• kelime anlamı olarak ittifak ile aynı manaya gelmektedir.
    itilaf devletleri kendi aralarında bir ittifak oluşturmuş, ittifak devletleri de kendi aralarında itilafa varmışlar, yani birbirleri ile uzlaşmışlardır. aslında her ikisi de itilaf, aynı zamanda da ittifak halindedirler ama grupları birbirinden ayırmak adına aynı anlama gelen farklı kelimeler kullanılmıştır.
    bu her iki grup da birbirine karşı ihtilaf halindedir.
  • ihtilaf ile karıştırılmaması gereken kelime
  • (bkz: fikirdaş)
  • arapçayı çok zengin, türkçeyi fakir bir dil olarak gören cahillerin ittifak, ihtilaf kelimeleri yanında aynı cümle içinde kullanıldığında ne kadar anlamsız laf salatası oluşturduğunu görmezden geldikleri kelimedir.

    ittifak, müttefik, ihtilaf, muhtelif, itilaf, telif türevleri de dikkate alınırsa birbirine bu kadar benzeyen kelimelerin bu kadar ayrı alakasız bazen de zıt anlamlar içermesi bir dilin zenginliği olamaz. bu özelliklerde olan sadece arap dili değildir. tüm sami dillerinde benzer sorunlar vardır. bu dillerle dünyayı anlayan insanların, bir süre sonra muğlak ifadelerle insanları kandırmaları, önce itilaf halindeyken sonra ihtilafa düşmeleri, söz verip tutmamaları bu yüzdendir. dini bu dillere indirgeyenlerin bu kadar taraftar toplamaları ve bu dillerin inceliklerine sahip olanların siyasette başarılı olmalarının sebebi de budur.

    türkçe konuşup türkçe düşünen özü sözü doğru insanların anladığı islam diniyle, bu arapçıların kakalamaya çalıştıkları din arasındaki farkın da kaynağı budur.
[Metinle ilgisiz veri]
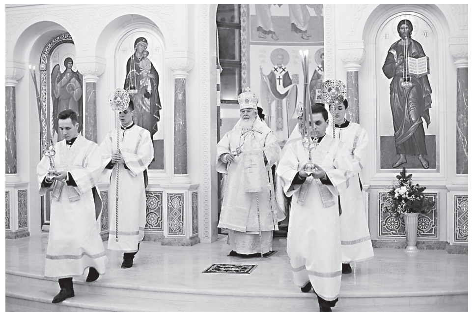
Рождественское богослужение в Софийском соборе г. Самары

С той Рождественской ночи, от которой нас отделяет 2018 лет, всех христиан мира объединяет надежда на духовное возрождение на земле благодати Божией. Ангельский гимн, возвестивший о мире на земле, является для всех нас призывом трудиться над сози-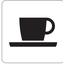
喫茶・軽食 Coffee shop 차·스낵 咖啡/便饭 咖啡/輕食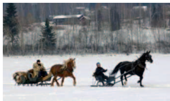
Sleder: "man tager det man haver"!

    itilaf gibi laf salatalarını kullanan hatta bu isimde (hürriyet ve itilaf) parti kurup birinci "cihan" "harbi" sonunda sevr anlaşmasını imzaladıktan sonra, kurtuluş "savaşında" ihanet eden "satkın" ve "sapkınların" hala bu memlekette "itibar" görmeleri de bu yüzdendir. "itilafı" sevr "anlaşmasında", "hürriyetlerini" de "iltica" ettikleri avrupada bulmaları tesadüf değildir. biz onları "saygın" olarak kabul etmiyoruz. onlar "satkın" dır. esas "saygın" olan "önder", bunları tanıyıp anlayalım diye servetini türk dil kurumuna bırakan "onurlu" bir insandır, atamızdır. biz başkalarına "sığınıp" "özgürlüğümüzden" vazgeçmiyoruz. kısaca şunu diyoruz: "ya bağımsızlık ya ölüm"

    düzeltme: farkın - da ayrıldı
  • bugüne dek bilmemiş olduğum kelimedir. ancak üstteki yazar beni aydınlattı. ingilizce ne kadar adi bir dilmiş. "you", hem sen hem siz anlamına geliyor. bu yüzden dünya kargaşa içinde.
  • ihtilaf sözcüğüyle karıştırılan sözcük.

    itilaf: anlaşma, uyuşma, uzlaşma.
    ihtilaf: anlaşmazlık, aykırılık, ayrılık, uyuşmazlık.
  • arapça'da “alışmak, sevmek, dostlukta bulunmak” anlamarına gelen "elf" kökünden türemiştir.
    "birlikte olup alışma, ünsiyet etme, ülfet etme, uyuşma, anlaşmaya varma" anlamlarına gelir. ayrıca edebiyatta üslubun manaya/söylenilene uygun olması durumunu karşılamak için kullanılır.
  • ecenebi dilinde kendilerine allied derler.

    birinci dünya savaşında kendilerine allied, karşı tarafa central powers derler.
    ikinci dünya savaşında kendilerine allied, karşı tarafa axis derler. ) axis denmesinin sebebi ilk başta berlin-roma axis'i denildiği içinmiş.

    türkçede birinci dünya savaşında onlara itilaf, bu tarafa ittifak devletleri denir. ikinci dünya savaşında müttefikler ve mihver ülkeleri tanımlaması kullanılır.